이 글에서는 python/sglang/srt/layers/attention/double_sparsity_backend.py를 분석한다.

전체 구조

Double Sparsity는 2단계로 동작한다. 먼저 경량 approximate attention으로 중요 토큰을 선별하고, 선별된 토큰에 대해서만 정밀 attention을 수행한다.

  Decode 단계 (시퀀스 길이 > sparse_decode_threshold)
  ═══════════════════════════════════════════════

  1단계: Approximate Attention (T-Sparsity)
  ─────────────────────────────────────────
  q_label = q의 sorted_channels 기준 추출
  k_label = KV cache에 저장된 key의 label

      q_label                k_label (전체 KV)
     [h, d']              [h, N, d']  (d' << d)
         │                    │
         └──── 내적 ────────── ┘
                 │
                 ▼
         att_out_approx [h, N]   ← 각 토큰의 대략적 중요도
                 │
                 ▼
         Top-K 토큰 선택 (heavy_token_num개)

  2단계: Precise Sparse Attention
  ─────────────────────────────────────────
  선택된 heavy_token_num개 토큰에 대해서만
  full attention 수행 (BLOCK_SEQ=128 단위)

      q [h, d]          k_selected [h, K, d]
         │                    │
         └──── 정밀 어텐션 ──── ┘
                 │
                 ▼
           output [h, d]

DoubleSparseAttnBackend 초기화

class DoubleSparseAttnBackend(AttentionBackend):
    def __init__(self, model_runner: ModelRunner):
        from sglang.srt.layers.attention.triton_ops.double_sparsity_attention import (
            extend_attention_fwd,
            flash_decode_attention_fwd,
            flash_decode_sparse_attention_fwd,
        )
        self.decode_attention_fwd = flash_decode_attention_fwd
        self.decode_sparse_attention_fwd = flash_decode_sparse_attention_fwd
        self.extend_attention_fwd = extend_attention_fwd

        self.num_head = model_runner.model_config.num_attention_heads
        self.head_dim = model_runner.model_config.hidden_size // self.num_head
        self.heavy_token_num = model_runner.server_args.ds_heavy_token_num
        self.sorted_channels = model_runner.sorted_channels
        self.sparse_decode_threshold = (
            model_runner.server_args.ds_sparse_decode_threshold
        )

세 가지 Triton 커널을 사용한다. flash_decode_attention_fwd는 일반 dense decode, flash_decode_sparse_attention_fwd는 sparse decode, extend_attention_fwd는 prefill용이다. sorted_channels는 각 레이어의 채널 중요도 순서를 미리 계산한 텐서다.

핵심 파라미터

파라미터	설명
`heavy_token_num`	Top-K로 선택할 중요 토큰 수 (ds_heavy_token_num)
`sparse_decode_threshold`	Sparse decode를 활성화하는 최소 시퀀스 길이
`sorted_channels`	레이어별 채널 중요도 순서 (사전 계산)
`BLOCK_SEQ`	Sparse attention의 블록 크기 (128)

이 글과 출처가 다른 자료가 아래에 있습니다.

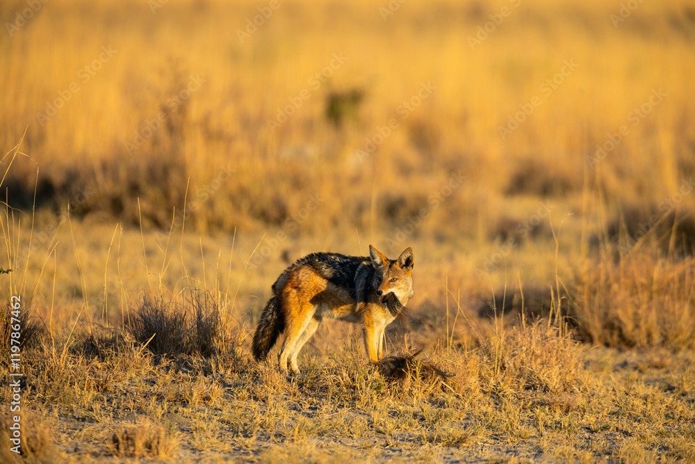 Black-backed jackal in savanna.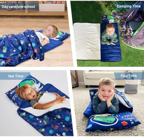 GENEROUSLY SIZED – Toddler nap mat measures 54.3”*33.5” , comes with 15.8″x10.3″ pillow. Attached blanket measures 42.5″ x 33.5″. Suitable for children ages 3 to 6. Featuring playful cartoon patterns and vibrant colors, it creates a cozy and warm environment that enhances children’s rest time. From whimsical dinosaurs to magical mermaid, these mats inspire creativity and make napping enjoyable and exciting.

init_forward_metadata: 메타데이터 초기화

Decode 모드에서는 approximate attention과 sparse attention을 위한 버퍼를 할당한다.

def init_forward_metadata(self, forward_batch: ForwardBatch):
    if forward_batch.forward_mode.is_decode():
        start_loc = torch.zeros_like(forward_batch.seq_lens, dtype=torch.int32)
        start_loc[1:] = torch.cumsum(forward_batch.seq_lens[:-1], dim=0)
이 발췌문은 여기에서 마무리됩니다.